Monday, 11 January 2016
Remembering the Brisbane Floods 5 years on! #RPBP #ASMSG
11th January 2011
Watching these videos gives you a feel for the devastation.
Sometimes in life, an event happens that changes everything.
December 2010 was a happy time for our family, both in the UK and Australia. We were looking forward to a big family reunion in the UK over Christmas and into the New Year to celebrate the wedding of my eldest daughter Samantha. The wedding was planned for 11th January 2011. She picked this date because she had been told it was the luckiest day of the century - 11/1/11 in hindsight that is debatable!
In the days before the wedding, we watched on Sky News as the Toowoomba tsunami unfolded. Our 20 acres of woodland in Millmerran, that we were clearing to build on. was nearby and we knew people who lived and worked in Toowoomba and so we were horrified to see the streets that we had walked down less than two weeks earlier filled with water flowing like rivers. Even after receiving calls in the early hours of the morning, on the day of the wedding, saying that our house in Ipswich, about 40 minutes from Brisbane, had been breached didn't cause us to think for a moment that our house could have been severely affect.
Our high-set Queenslander style house, situated on a hill, was an unlikely target for flood water. At worst we thought breached possibly referred to flooding on the paved entertainment/BBQ area or the garage which was under the house, but we could deal with that.
The wedding day passed with little thought given to the potential flood damage. We would be flying home in a couple of days we could sort everything out then.
Samantha, the beautiful bride and Sarah Jane a very proud mother of the bride
Breached - actually meant submerged!
If you would like to read the chapter from Glass Half Full that tells more of this story it's included in this blog post.
Chapter 15 Losing it all to flood water
“If I am what I have, and if I lose what I have, who then am I?” Erich Fromm.
I think I have always believed in fate, and the ideology that ‘everything happens for a reason’. However, trying to rationalise the ‘reason’ for the events during and after January 2011 caused me to struggle with this concept, and if there is a ‘reason,’ it had better be a good one.
Samantha was due to get married in Looe, Cornwall, UK on 11th January 2011. We decided to surprise her by arranging earlier than planned flights to the UK, so that we would arrive on her doorstep on Christmas Day. I do not know why we thought travelling so close to Christmas would be good idea. I think we, or I, became carried away with the romantic, chick lit notions of it all. My perfect vision was of Samantha, whose family lived on the other side of the world, answering the door on Christmas morning to find them standing there, just when she thought she would spend another Christmas missing them, etc. Well, I suppose I watch too many girlie films and read too many romantic fiction novels.

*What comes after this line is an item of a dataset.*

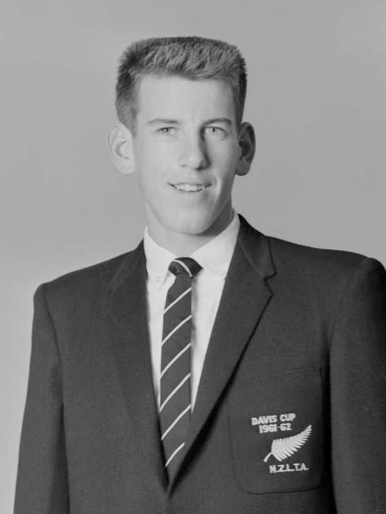 I S Crookenden, New Zealand Lawn Tennis Association Davis Cup representative

The journey got off to a shaky start when we almost missed our connecting flight in Sydney. Our flight from Brisbane to Sydney was delayed by a thunderstorm. When we finally arrived in Sydney, we had to make a frenzied run from the domestic arrivals terminal to the international departure terminal. With Nigel and Phillip in lead positions, and Jaime and I bringing up the rear, we were determined that we would catch our Malaysia airlines flight to London Heathrow, if we just kept running. At the time, we thought how lucky we were that we did not have to collect our luggage after the Brisbane domestic flight, or we surely would not have made it to international departures on time. Thank goodness for being able to check the luggage in for the whole journey from Brisbane.
With an exhausted sigh of relief, we took our seats, the last people onto the plane. It was not our imagination; everybody was looking at us with that impatient look of, ‘we are all waiting for you’. Hot and sweaty, we were targeted by disapproving stares as we struggled to put our hand luggage into the overhead lockers and take our seats. This was to the obvious annoyance of a young couple who thought their luck was in, with four empty seats that they could have spread out on for a comfortable sleep during the long flight, if we had not made it in time. However, as far as we were concerned the main thing was it was all OK: we had made the flight. The flights were long, and after watching multiple inflight movies and eating an enormous amount of meals provided, after a quick stop in Kuala Lumpur, we eventually arrived at Heathrow on time. It was Christmas Day and yes, it was snowing; the iconic white Christmas. The temperature was -2 °C at six o’clock in the morning, and coming from peak summertime in Australia, we were unsuitably dressed in tee shirts, cotton trousers and thongs (flip-flops) on our feet.
As we stood at the baggage reclaim area the realisation soon dawned that we had not been as lucky with our luggage, as we had first thought. Sadly, our luggage had not completed the journey with us. This was quickly apparent as the other passengers left and the dizzying conveyor belt circled in front of us, empty apart from some stray remnants of luggage tags and a broken pushchair that no-one claimed. Nigel and I looked at each other: it was like that scene from ‘Home alone’, when they realise that Kevin is missing. The sense of realisation, denial and then horror at the implications of what this meant hit us. This was not mere holiday luggage that had failed to arrive: it was items of Samantha’s wedding ensemble and suitable winter clothing, which we desperately needed at this particular moment, as we stood shivering at the lost baggage desk completing numerous forms. All of our wedding outfits, gifts, paperwork, etc., were missing in action.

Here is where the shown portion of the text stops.